The Reagan myth

Allan Barra reviews “The Man Who Sold the World” (also with reference to Will Bunch’s new book on the creation and sustenance of the Reagan myth)

“The aftermath of Reagan’s presidency,” Garry Wills wrote in a famous introduction to his 1987 book “Reagan’s America,” “has proved, over and over, that Reaganism without Reagan is unsustainable.” In the two decades since Wills’ book was published, a significant portion of the press and public seems to have forgotten that.
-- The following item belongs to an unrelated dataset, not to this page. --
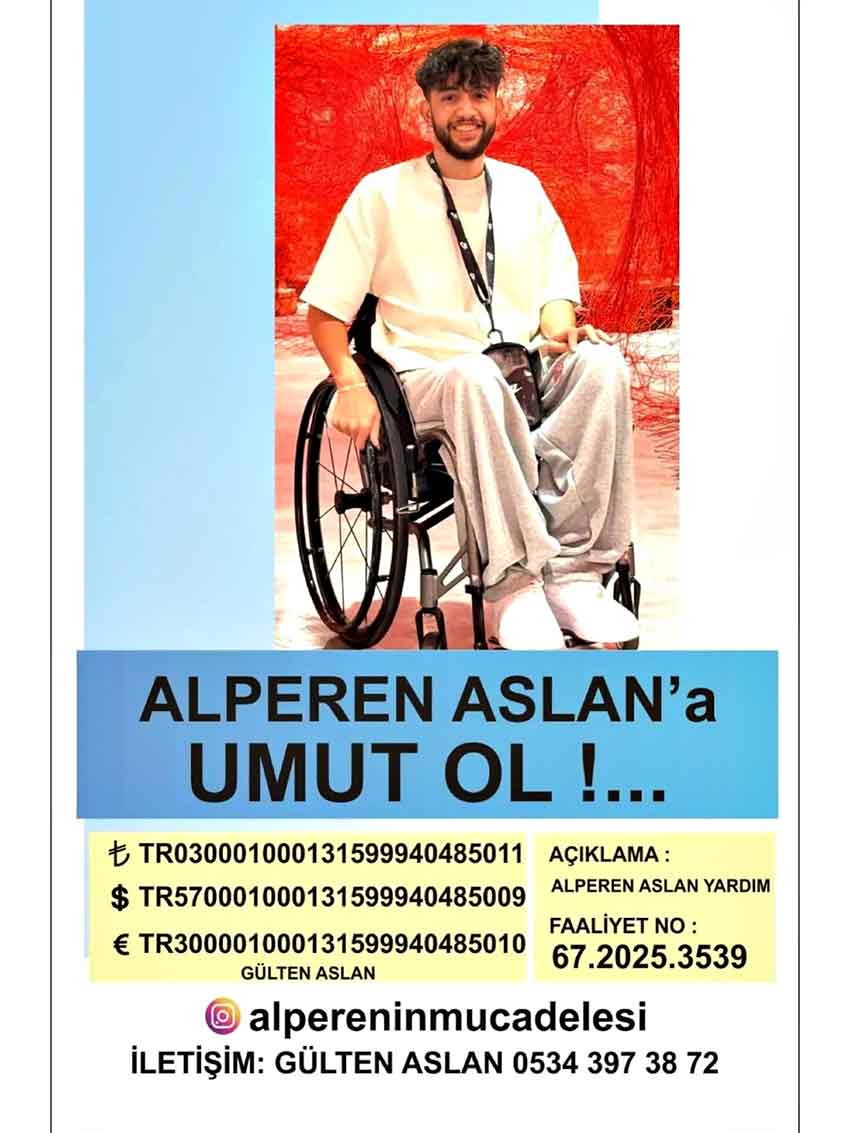 Zonguldak’ta yaşayan 2001 doğumlu doğuştan işitme engelli Alperen Aslan, 2021 yılında evinin balkonundan düşerek geçirdiği kazada omurilik felci geçirdi. Genç yaşında tekerlekli sandalyeye mahkûm kalan Alperen’in tekrar ayağa kalkabilmesi için yurt dışında yapılacak epidural stimülasyon ameliyatına ihtiyacı var. Ancak 65 bin dolar tutarındaki tedavi masraflarını karşılayacak maddi gücü bulunmayan Aslan, Valilik onaylı kampanya aracılığıyla hayırseverlerden destek bekliyor.

William Kleinknecht is on a mission: In “The Man Who Sold the World: Ronald Reagan and the Betrayal of Main Street America,” he is out to demonstrate that Reaganism with Reagan never worked.

…“The Man Who Sold America” has much in common with another recent scathing indictment of the Reagan administration, Will Bunch’s “Tear Down This Myth: How the Reagan Legacy Has Distorted Our Politics and Haunts Our Future.” Both books cover much of the same territory: Contrary to the nearly two decades of idolatry from the right, Reagan was no more popular than numerous other modern presidents (as Kleinknecht notes, just 27 percent of eligible voters elected him in 1980, a year which saw a record-low turnout at the polls), the legacy of the famous 1980 tax cut was an era of deregulation that spawned CEO and Wall Street greed, and, most important, the Reagan revolution did not do what it set out to do, namely to reduce the size of government (“Big government,” writes Kleinknecht, “was not stripped away in the Reagan years; it was just redirected to the needs of private enterprise”).

As John Dewey observed, “Politics is the shadow cast by business”.  Absolutely the case as regards the modern Republican party.